The expected output is an exact copy of the lines from the one containing "旋轉閃蒸干燥機是二十世紀八十" to the final line below, minus any pictures.

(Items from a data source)
= = = =

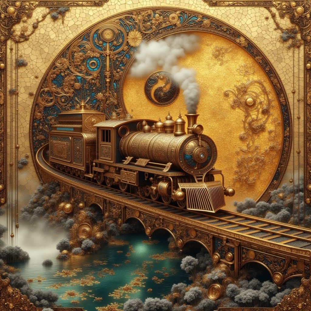 This image shows a luxurious steam train heading towards a bridge over water. The artwork features metallic textures and intricate details in a retro-futuristic style with a warm, luminous color palette.
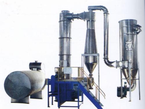 旋轉閃蒸干燥機是二十世紀八十年代在國外新推出的一種將干燥技術和流態化技術綜合為一體的新型干燥設備,它克服了噴霧干燥設備高,能源消耗大和流化床干燥不均勻的缺點,集兩者之所長。成為具有高效、節能、快速等特點的理想干燥設備。它特別適合于高黏度膏狀物、濾餅等物料的直接干燥,并可一次獲得顆粒微細的粉體,彌補了耙式干燥效率低、產量小的不足,改變了噴霧干燥先稀釋再進行噴霧處理的復雜過程。由于熱風與物料接觸時間短,可以對觸變性、熱敏性物料及生物菌體進行干燥,并具有防止焦化變色的作用。
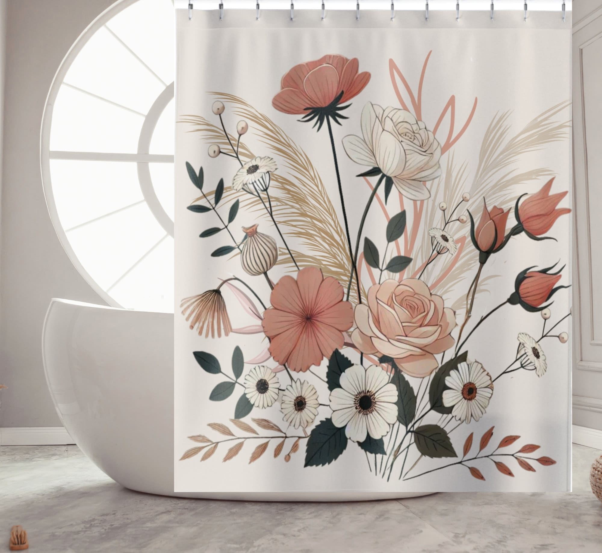 Enhance your bathroom with our stylish boho shower curtain, a perfect addition to any boho bathroom decor. This cool shower curtain features a beautiful floral design that brings a touch of nature into your space, making it feel more inviting.
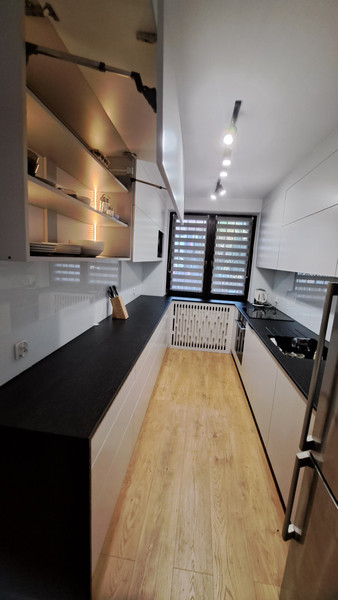 * Nowoczesna kuchnia kompletnie wyposażona z jadalnią (blat granitowy, pełne wyposażenie: płyta, piekarnik, mikrofala, duża lodówka, stół, krzesła),
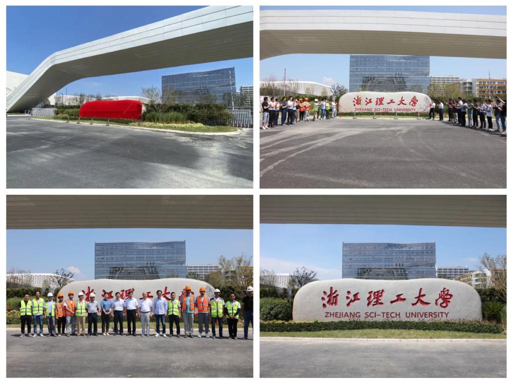 在临平校区南门,在现场教职员工和建设单位代表的见证下和掌声中,吴锋民、陈文兴共同为“mk官方网站_mk(中国)”校名石揭幕。

= = = =

» **TASK OUTPUT**
 旋轉閃蒸干燥機是二十世紀八十年代在國外新推出的一種將干燥技術和流態化技術綜合為一體的新型干燥設備,它克服了噴霧干燥設備高,能源消耗大和流化床干燥不均勻的缺點,集兩者之所長。成為具有高效、節能、快速等特點的理想干燥設備。它特別適合于高黏度膏狀物、濾餅等物料的直接干燥,并可一次獲得顆粒微細的粉體,彌補了耙式干燥效率低、產量小的不足,改變了噴霧干燥先稀釋再進行噴霧處理的復雜過程。由于熱風與物料接觸時間短,可以對觸變性、熱敏性物料及生物菌體進行干燥,并具有防止焦化變色的作用。
 Enhance your bathroom with our stylish boho shower curtain, a perfect addition to any boho bathroom decor. This cool shower curtain features a beautiful floral design that brings a touch of nature into your space, making it feel more inviting.
 * Nowoczesna kuchnia kompletnie wyposażona z jadalnią (blat granitowy, pełne wyposażenie: płyta, piekarnik, mikrofala, duża lodówka, stół, krzesła),
 在临平校区南门,在现场教职员工和建设单位代表的见证下和掌声中,吴锋民、陈文兴共同为“mk官方网站_mk(中国)”校名石揭幕。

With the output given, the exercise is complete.